Kihoon Jeong est né en 1980 et vit et travaille actuellement à Séoul, en Corée du Sud. Le monde de l’œuvre de Kihoon Jeong concerne une attitude / action unique qui résiste à un système énorme, à des groupes standardisés, à une culture unifiée et à une réglementation forcée. Son travail commence par la question suivante : que ferions-nous si nous ne sommes pas en mesure de transformer la structure sociale et les coutumes à la dimension collective?
Il va à l’encontre de la vanité, des choses négligées, de l’activité irrégulière et de la logique du marché en tentant de modifier à la minute des unités microscopiques à un niveau partiel et de reculer depuis la logique du pouvoir au sein de la structure sociale.

Yangachi est né 1970 à Busan en Corée du Sud et est diplômé d’un B.F.A en sculpture de l’Université de Suwon et d’une maîtrise en arts médiatiques de l’Université Yonsei, à Séoul. Il s’intéresse à l’écran, au film, à la surveillance. L’artiste accumule des épisodes, recueille des informations et les transforme en “ signes ” pour les éditer par séquence. Il procède ensuite à des superposition de signes et les met dans une relation de fonction explicative. Yangachi étend sa réalité et ses expériences et les reflètent dans la société coréenne contemporaine pour la critiquer.

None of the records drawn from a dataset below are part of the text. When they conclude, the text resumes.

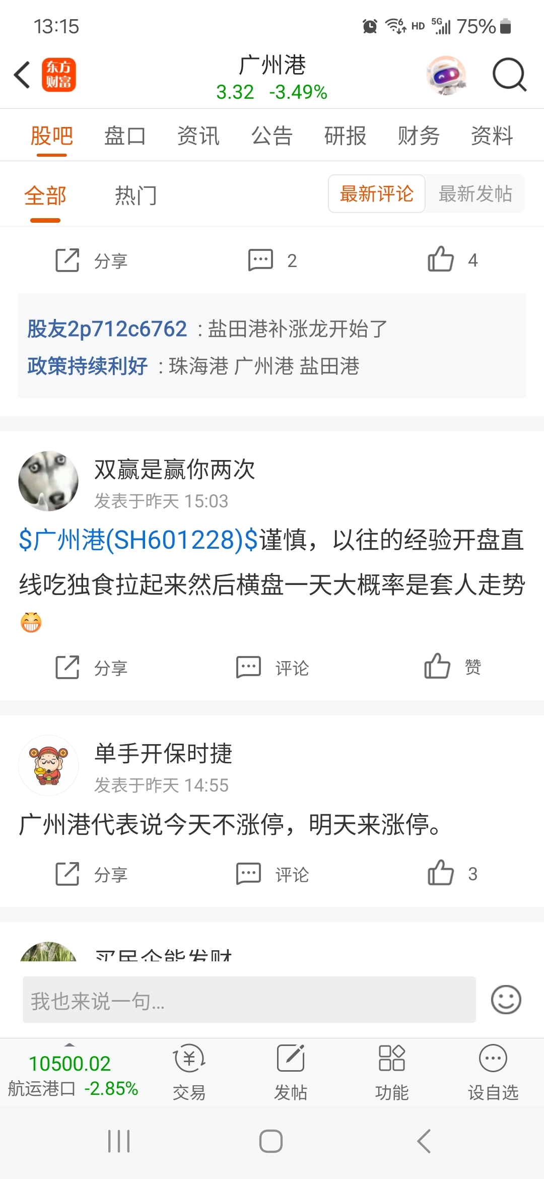 $广州港(SH601228)$ 昨天就说了,昨天那个开盘直线拉上去吃独食的走法散户开盘根本买不到,等横盘让你们买的时候就是为了套住你们
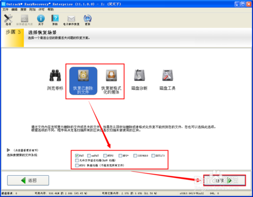 4、根据需要选择 恢复已删除的文件 或者 恢复被格式化的媒体 ,勾选下面的优盘格式,如果不能确认优盘格式,请勾选可能的所有格式,然后点击 继续 :
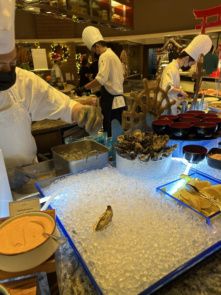 ここのブッフェは目の前で殻を開けてくれる生牡蠣が良いとシンガポール人の同僚たちから聞いていたので、楽しみにしてました。
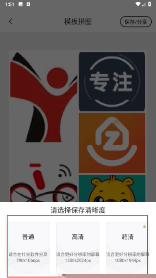 完成编辑后点击保存,在弹窗中可自定义图片清晰度,确保输出质量满足打印或上传需求。
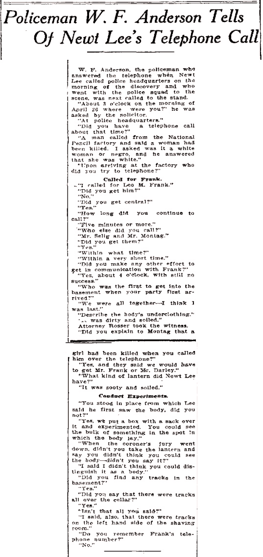 W. F. Anderson, the policeman who answered the telephone when Newt Lee called police headquarters on the morning of the discovery and who went with the police squad to the scene, was next called to the stand.
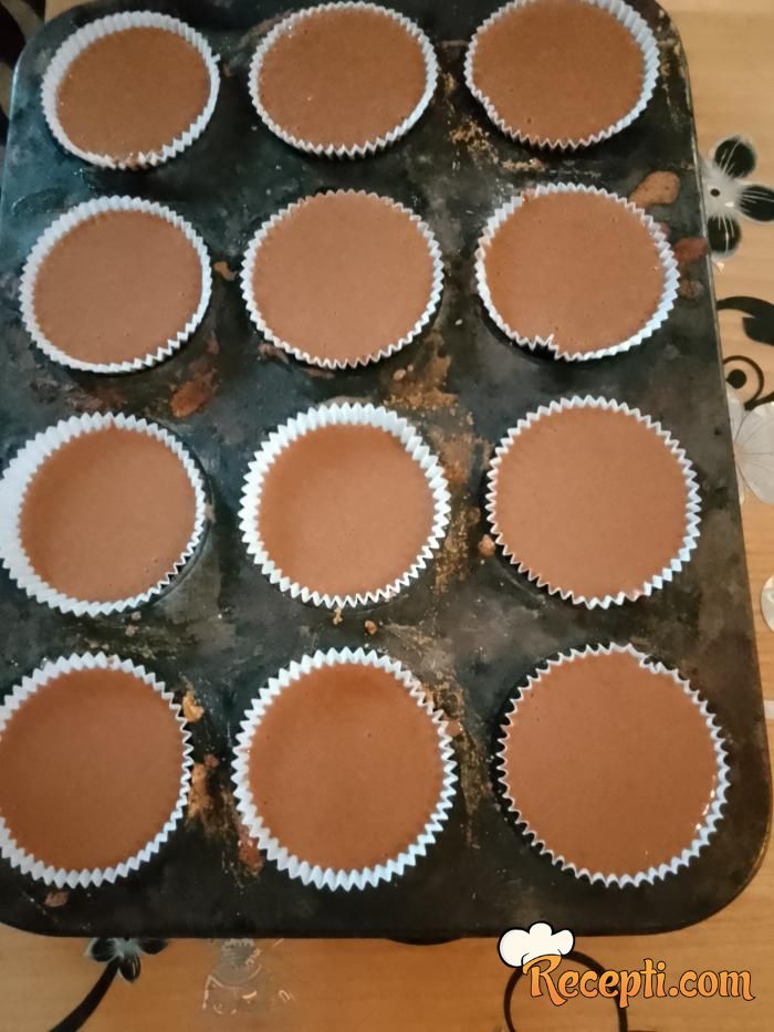 U kalup za mafine staviti korpice za mafine papirne, sipati smesu u korpice i u svaku staviti po kockicu crne čokolade.

Afour Rhizome (ou A4 Rhizome ou A4rizm) est un des noms d’artiste choisi par Kyoo Seok Choi (né à Séoul, Corée du Sud, en 1976), diplomé de l’Université Paris VIII. Ce nom plutôt neutre désigne son travail et son projet d’une construction des archives de savoirs, des œuvres d’art et de soi. Le choix de nom pose la question : “ qu’est-ce qu’un artiste ? ”
Une de ses oeuvres s’appelle Boules de Dictionnaire où une feuille du dictionnaire Le Petit Robert “ récupérée ” est transformée en une boule en gardant la visibilité du numéro de page, elle est rangée dans une boîte à bijoux “ récupérée ” et est présentée. Quelques boules sont vendues à la pièce avec un prix fixé librement par l’acheteur au marché aux puces. Les parcours de ces objets, les prix de vente, les dates et les lieux de vente, les noms, les adresses email de l’acheteur et le détail des dépenses sont documentés. Ce document est intégré dans le processus de construction de cette œuvre elle-même et est également exposé en tant qu’élément de l’œuvre.

* NB : https://fr.wikipedia.org/wiki/Le_Temps_des_cerises_(chanson)
** NB : https://fr.wikipedia.org/wiki/Commune_de_Paris_(1871)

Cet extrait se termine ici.